Genoa G8: Comrades without justification
Five persons going to jail after being given sentences ranging from six months to fourteen years and another five waiting, in the short, for their own ones. That is how it ought to end, a history which began with three days of international demonstrations against the global agenda of Bush and Berlusconi, Putin and Blair – and three hundred thousand people screaming with rage against the global order of wars, financial speculations, environmental devastation, generalized exploitation of man by man and of woman by man. Hours and hours of clashes with the police in the whole city, direct actions, defence of the freedom to cross Genoa, attacks for the real reappropriation of Genoa and its streets trying to take them back, inch by inch from the Carabinieri [1], the police, the Minister of Interior, the barracks, the territorial class delimitation, the boastful waste of resources and luxury, the financial institutions. Three days in which the protagonists were precarious workers, students, supporters, migrants, girls and boys united by a militant choice, and eventually by a spontaneous rage; three colourful days in which Germans and Italians, Greeks and French, Americans and Palestinians joined together. Three days never to be forgotten. Three days of abuses of power ending with blood, with the murder of a comrade, the terror at Diaz school and the tortures in the Bolzaneto barracks.

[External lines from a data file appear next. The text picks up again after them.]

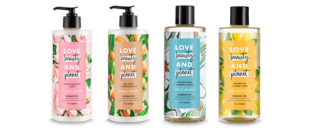 Love Beauty and Planet suihkugeelit hoitavat ihoa luonnollisilla ainesosilla ja jättävät iholle pehmeän tunteen sekä raikkaan täyteläisen tuoksun. Tuotesarjaan kuuluu neljä eri vegaanisertifioitua suihkugeeliä, jotka eivät sisällä sulfaattipohjaisia puhdistavia ainesosia, parabeeneja tai väriaineita.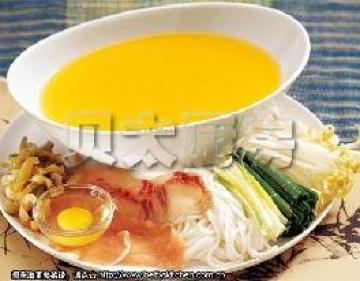 4、食用时,用高深的大碗,放入20克鸡鸭肉,并将锅中滚汤舀入碗内,加盐、味精、胡椒粉、芝麻油、猪油或鸡鸭油、芝麻辣椒油,使碗内保持较高的温度。汤菜上桌后,先将鸡肉、猪肉、鱼片生片依次放入碗内,用筷子轻轻搅动即可烫熟,再将韭菜放入汤中,加葱花、芫荽,接着把米线陆续放入汤中,也可边烫边吃。各种肉片和韭菜可蘸着作料吃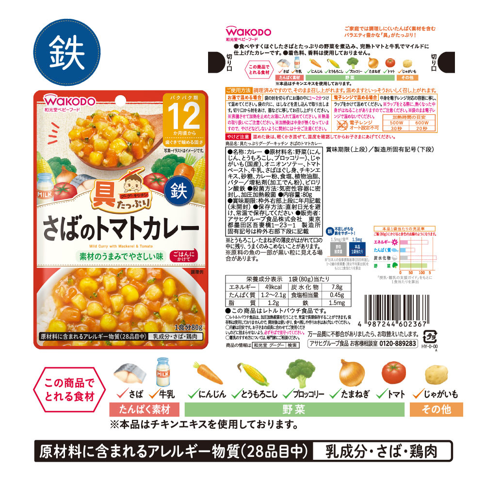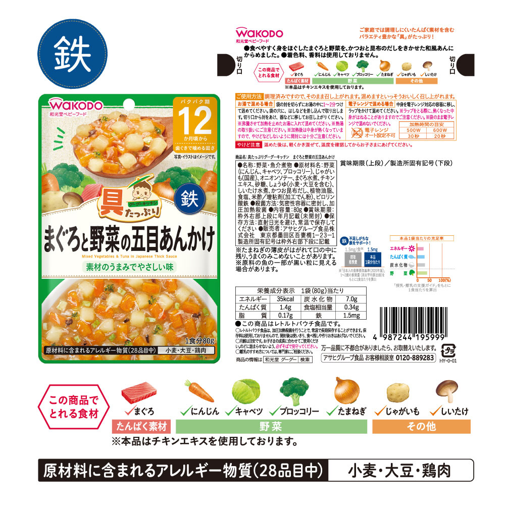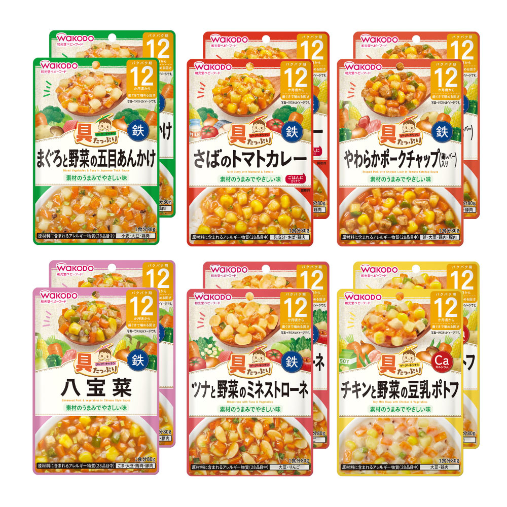 人気メニューを中心に、魚、肉などたんぱく素材や味付けがバラエティに富んだメニューを揃えました。【まぐろと野菜の五目あんかけ、さばのトマトカレー、やわらかポークチャップ(鶏レバー入り)、チキンと野菜の豆乳ポトフ、八宝菜、ツナと野菜のミネストローネ】【具たっぷりグーグーキッチン まぐろと野菜の五目あんかけ】食べやすく身をほぐしたまぐろと野菜を、かつおと昆布のだしをきかせた和風あんにからめました。着色料、香料は使用しておりません。【具たっぷりグーグーキッチン さばのトマトカレー】食べやすくほぐしたさばとたっぷりの野菜を煮込み、完熟トマトと牛乳でマイルドに仕上げたカレーです。着色料、香料は使用しておりません。【具たっぷりグーグーキッチン やわらかポークチャップ(鶏レバー入り)】豚肉とレバーをふんわりやわらかく練って、野菜と一緒に煮込みました。お子さまの好きなやさしい甘さのケチャップソース味で、食べやすく仕上げています。着色料、香料は使用しておりません。【具たっぷりグーグーキッチン チキンと野菜の豆乳ポトフ】鶏肉をふんわりやわらかく練って、野菜と一緒に豆乳とチキンブイヨンでコトコト煮込んだ、やさしい味わいのポトフです。着色料、香料は使用しておりません。【具たっぷりグーグーキッチン 八宝菜】豚肉をふんわりやわらかく練って、たっぷりの野菜と一緒に鶏ガラ・ほたてからとったスープで煮込んだ、彩り具材入り八宝菜です。着色料、香料は使用しておりません。【具たっぷりグーグーキッチン ツナと野菜のミネストローネ】ツナとたっぷりの野菜、ふっくらお豆も入った、具だくさん完熟トマトのミネストローネです。着色料、香料は使用しておりません。

Eleven years later, the State passes sentences and they are light, very light. At least for some of the top figures in the police force and practically non-existent for the goons in uniform, for those who enjoyed doing the dirty work. Very heavy for the comrades though, who were turned into scapegoats and singled out as symbols of the “devastation” of the city (a few broken shop windows!) while at the same time the masters of the planet were signing agreements which would have destroyed forests, killed oceans, militarized continents, squeezed dry and slowly killed billions of people. Surely, this kind of look on the world doesn’t fit into the penal code, in the catalogue of what is right and what is wrong to do according to the law (of the strongest that – in the case of the “pillaging and devastation” offense – democracy inherited from fascism). The penal code holds quite the opposite: the staging of arbitrary and ridiculous application of abstract rules whose historical legitimacy is yet to be defined; bent, buckled and extended to suit the convenience and use of the Magistrate – which is the convenience and use of the constituted power in its whole. Still, the sentence of July 13 doesn’t speak of papers and courts; it speaks of a whole society, of a historical period and it acquires a general meaning. As an expression of a way of being of the contemporary dominance, it is the demonstrative punishment, the pre-emptive threat, the anxiogenic revenge of an order which is fragile and untouchable at the same time, in an economically developed western country.
Three elements qualify the sentence on the political level. The first one is its discretionary character, through the ruthless use of legal phrasing that wilfully leave a boundless space to interpretation, and thus to the brutal abuse of the judge on the defendant. This is the case of such categories as “concorso morale” [2] (also present in the recently started trial against the No Tav movement) and “compartecipazione psichica” [3]; categories which consciously cancel the alleged legal guarantee of the personal character of criminal liability. If no proof can be found about a person carrying out an offense – according to the public prosecutors of Genoa and Rome (or Turin) – it will be enough to attribute her the responsibility of what someone else did; on the basis of an accusation not against the act itself, but rather the person’s intention or her psychic state in that (or even another!) moment. It is a fundamental fact, not only legally but also politically, that characterized this trial as those against the banlieusards in 2005 France, or the rioters in 2011 England, and will mark a lot of them in the future: nor individual acts neither conspiracies or actual associations, but wishes, thoughts and heartbeats are under indictment.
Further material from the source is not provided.